I. L’affirmation d’une distinction rigoureuse entre les secteurs d’activité
A. Le rejet de la théorie de l’indivisibilité économique
Le juge souligne d’abord que « l’article 346, paragraphe 1, sous b), TFUE vise à établir […] une stricte distinction » entre secteurs. Cette séparation s’impose même lorsqu’une entité unique poursuit simultanément des activités relevant des domaines militaire et civil de manière imbriquée. La Cour refuse ainsi de considérer une mesure d’aide comme un bloc monolithique échappant globalement au contrôle des autorités de la concurrence. Elle valide la répartition proportionnelle effectuée par la Commission entre les différentes branches d’activité de l’entreprise bénéficiaire pour identifier les montants illicites. Cette approche purement juridique de l’activité économique permet d’isoler les flux financiers qui ne bénéficient pas directement à la défense de l’État.

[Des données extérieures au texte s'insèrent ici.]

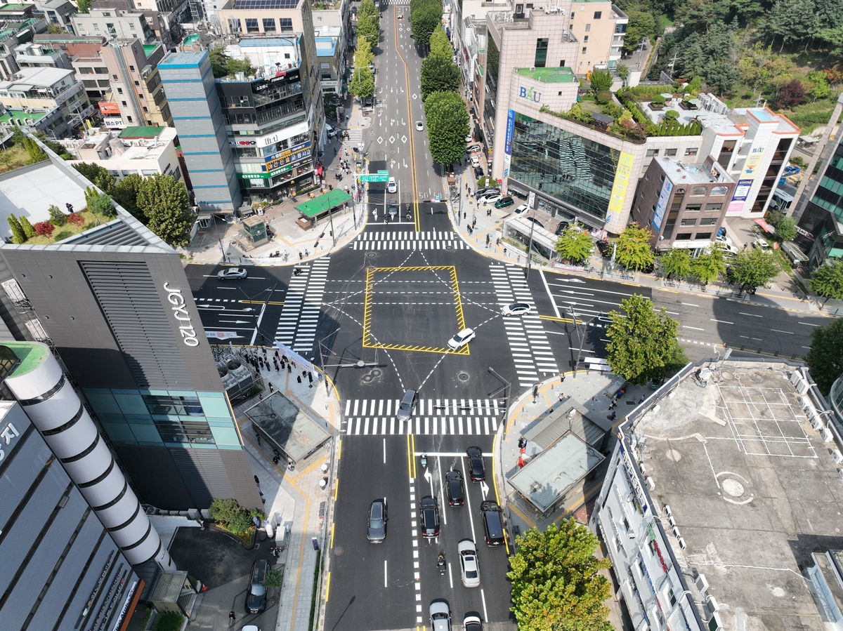구는 이러한 문제를 해결하기 위해 서울시, 서울경찰청과 수차례 협의를 진행했다. 그 과정에서 대각선 횡단보도 등 여러 대안이 논의됐으나, 최종적으로는 교통섬을 철거하고 해당 부분을 보도로 확장하고 그에 맞게 교통섬으로 분리돼 있던 횡단보도를 일자형으로 재정비하는 교차로 개선 공사를 진행하게 됐다.

B. L’interprétation restrictive de l’exception de sécurité
La Cour rappelle fermement que la dérogation prévue par les traités « doit faire l’objet d’une interprétation stricte » par les juridictions européennes. Elle juge qu’une entreprise produisant du matériel mixte ne peut se soustraire aux règles communes par la simple invocation de sa pérennité industrielle. Le soutien à l’activité civile n’est pas considéré comme un moyen légitime de garantir la survie d’un appareil de production spécifiquement militaire. Par conséquent, les mesures relatives à la production d’armes « ne doivent pas altérer les conditions de concurrence » pour les produits de consommation courante. La reconnaissance d’un lien fonctionnel entre deux activités ne suffit pas à justifier l’extension d’un privilège exorbitant du droit commun.
La rigueur de cette distinction permet de maintenir l’autorité des institutions européennes sur les marchés nationaux malgré les prérogatives souveraines des États.
II. La sauvegarde de l’effet utile du droit européen de la concurrence
A. La confirmation du contrôle de la Commission européenne
Le juge affirme que l’État membre ne saurait bénéficier d’un pouvoir discrétionnaire absolu par la seule invocation des intérêts de sa sécurité. La Cour confirme que la Commission examine avec l’État les conditions dans lesquelles les mesures de soutien peuvent être adaptées aux traités. Cette procédure garantit que les fonds publics ne sont pas détournés pour favoriser des entreprises nationales sous couvert de secrets militaires. Les appréciations factuelles du Tribunal sur la clé de répartition des aides sont souveraines et échappent au contrôle du juge de cassation. La décision renforce ainsi les pouvoirs de surveillance administrative sur les secteurs stratégiques autrefois protégés par une opacité juridique totale.
B. Une portée prétorienne limitant l’autonomie des États membres
Cet arrêt confirme une jurisprudence constante refusant de laisser aux États le pouvoir de déroger unilatéralement aux dispositions du traité fondateur. La Cour précise que les mesures de récupération visent à aménager les conditions de retour au droit commun sans compromettre la sécurité. La solution rendue limite les risques d’abus de droit où l’argument sécuritaire servirait de paravent à un protectionnisme économique injustifié. Elle assure une égalité de traitement entre les opérateurs économiques du marché intérieur, peu importe la nature sensible de certains produits. Cette décision souligne l’étroitesse de la voie laissée aux dérogations nationales face aux impératifs d’intégration et de transparence du marché unique.